Камышин был из узкого круга лиц, которые представляли, какое страшное испытание надвигается на ленинградцев. В этот круг он попал, благодаря знакомству с наркомом торговли РСФСР Дмитрием Васильевичем Павловым – другом его, Камышина, старшего брата, репрессированного в затухающем на репрессии тридцать девятом году.

Павлов, направленный в Ленинград Государственным комитетом обороны, разыскал Камышина, вызвал в Смольный, сказал, что надеется на него как на верного партийца. Они должны заняться вопросами продовольствия.

Камышин вспылил:

– Я инженер! Мое дело сейчас танки и снаряды на фронт поставлять. А за станками стоят сопливые подростки-школьники, девчонки болванку поднять не могут. Видели бы вы, как они стараются! По двенадцать часов в цеху…

– Ты на меня не ори, Саша! Ты мне не тычь героизмом! – Дмитрий Васильевич покраснел, сдерживая собственное желание заорать. – У нас вся страна сейчас – один сплошной героизм. Этот великий город, – развел руками и потыкал в пол, – погибнет, уже погибает от голода!

– Потому что сгорели Бадаевские продовольственные склады?

– Нет. Там хранилось всего три тысячи тонн муки и две с половиной тысячи тонн сахара. Это на полтора дня муки и на три дня сахара. Ленинград всегда жил с колес – привезли, съели. Тут нет запасов. Понимаешь, ослиная голова? Нет запасов продовольствия! И миллионы людей! А ты мне про танки и снаряды. Слушай меня внимательно. Я создаю специальные отряды, которые пропашут весь Питер от чердаков до подвалов, от заброшенных складов до вагонов на запасных путях в поисках того, что можно принимать в пищу. Для руководства этими отрядами мне нужны верные командиры-ленинцы. Я на тебя рассчитывал.

– Что нужно делать? – поднялся и спросил Камышин.

Их команды разыскали восемь тысяч тонн солода на пивоваренных заводах, пять тысяч тонн овса для лошадей в интендантстве и четыре тысячи тонн хлопкового жмыха в порту. Жмых считался непригодным для еды, им печи корабельные топили. Хлопковый жмых содержал ядовитое вещество – госсипол. Дмитрий Васильевич Павлов усадил питерских ученых за исследования: ищите, как хлопковый жмых можно обеззаразить. Ученые обнадежили: при высокой температуре госсипол разрушается.

Камышин подбросил идею: за долгие годы на стенах мукомолен, на потолках осела и припечаталась мучная пыль. Это ведь тоже съедобное. Соскребли стены и потолки, вытрясли каждый завалявшийся мешок – хоть горстки, да выбили.

Мужики, водолазы и просто добровольцы, что поднимали из ледяной воды с затонувших на Ладоге барж мешки с зерном, навеки потеряли здоровье. Подыхали, но поднимали.

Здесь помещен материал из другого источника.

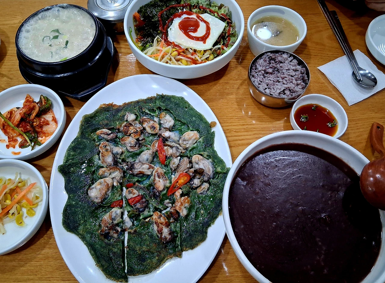 친구들이 <백년옥>은 '순두부로 유명한 집'이라고 '순두부전골을 먹자'고 하는데, 우리 테이블은 따로 몇 가지를 시켜서 나누어 먹자고 한다. 다른 테이블도 우리를 따라서 골고루 주문해서 나눠먹기로 한다. 우리 테이블은 들깨순두부, 동지팥죽, 매생이굴전, 야채비빔밥 등을 시켰는데 푸짐하다. <백년옥> 음식은 정갈하고 맛이 있다. 들깨순두부는 구수하고, 동지팥죽은 달지 않으면서도 깊은 풍미가 있다. 매생이굴전은 굴이 들어가 있어서 하나씩 씹히는 맛이 달큼하면서도 고소하다. 야채비빔밥이 제일 인기가 없었는데. 그냥 집에서 온갖 야채를 섞어서 해 먹는 것처럼 평범해서이다. 돌솥비빔밥이었으면 딱 구색이 맞았을 것 같다. 그렇지만 우리들은 '맛있다 맛있다' 하면서 먹는다. 다 먹고 나니 배가 너무 부르다. 맛있는 음식 앞에서는 늘 과식이 문제이다. 저녁시간에 카페인 영향이 없는 친구들은 커피까지 마시고 7시 전에 예술의 전당으로 간다. 이슬비가 살짝 내리고 있어서 양우산을 꺼내 쓰고 둘씩 함께 쓰고 간다.

Камышин никогда подобного не видел и не предполагал в людях подобной жертвенности. Он, натуралист, технарь, отчасти циник, всегда считал, что неразумное большинство аморфно, что его нужно привести к благоденствию (приведут избранные, вроде него самого) по мере промышленного развития. Прогресс техники был для Камышина религией.

А теперь ему, очумелому от голода, усталости и бессонницы, подносят к губам оловянную кружку:

– Примите, Александр Павлович! Наболтали из того, что по земле на складе наскребали. Грязь осела, но еще тепленькое, пейте! Только вот какая загвоздка. Кони-то наши пали, их пилят-режут сейчас жители. Страх смотреть, а отогнать бессовестно. Кони-то неспособные уже были обоз вести. Грузовиков, случай, не предвидится?

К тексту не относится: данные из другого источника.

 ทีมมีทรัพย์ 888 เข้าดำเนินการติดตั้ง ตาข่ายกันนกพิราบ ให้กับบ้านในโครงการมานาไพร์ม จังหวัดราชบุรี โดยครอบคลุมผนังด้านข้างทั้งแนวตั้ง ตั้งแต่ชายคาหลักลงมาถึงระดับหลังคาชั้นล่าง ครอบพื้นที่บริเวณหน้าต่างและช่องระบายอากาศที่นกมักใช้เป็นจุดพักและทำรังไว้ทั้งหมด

– Нет. Впряжемся сами. Помните куда?

– Известно, в пекарни.

Все, что они находили, свозилось в хлебопекарни. Домешивалось к настоящей муке. Ее становилось все меньше и меньше, а люди, отоваривавшие карточки, стояли в очереди по многу часов. Люди умирали от голода.

Первыми – дети и старики. Из детей первыми – мальчики, из пожилых – мужчины. Девочки и старухи почему-то дольше тянули.

Камышин, истощившийся до скелетности, уставший до обмороков, был свидетелем, как Павлов расцеловал в губы Николая Смирнова – технолога, придумавшего заменитель масла, которым смазывали формы для выпечки хлеба. Благодаря этому изобретению ежедневный расход жиров уменьшился на две тонны.

Самому Камышину недостало порыва так же горячо поблагодарить командира отряда, обнаружившего в ленинградском порту две тысячи тонн бараньих кишок. Из них стали варить отвратительного вида и запаха студень, который выдавали по карточкам вместо мяса.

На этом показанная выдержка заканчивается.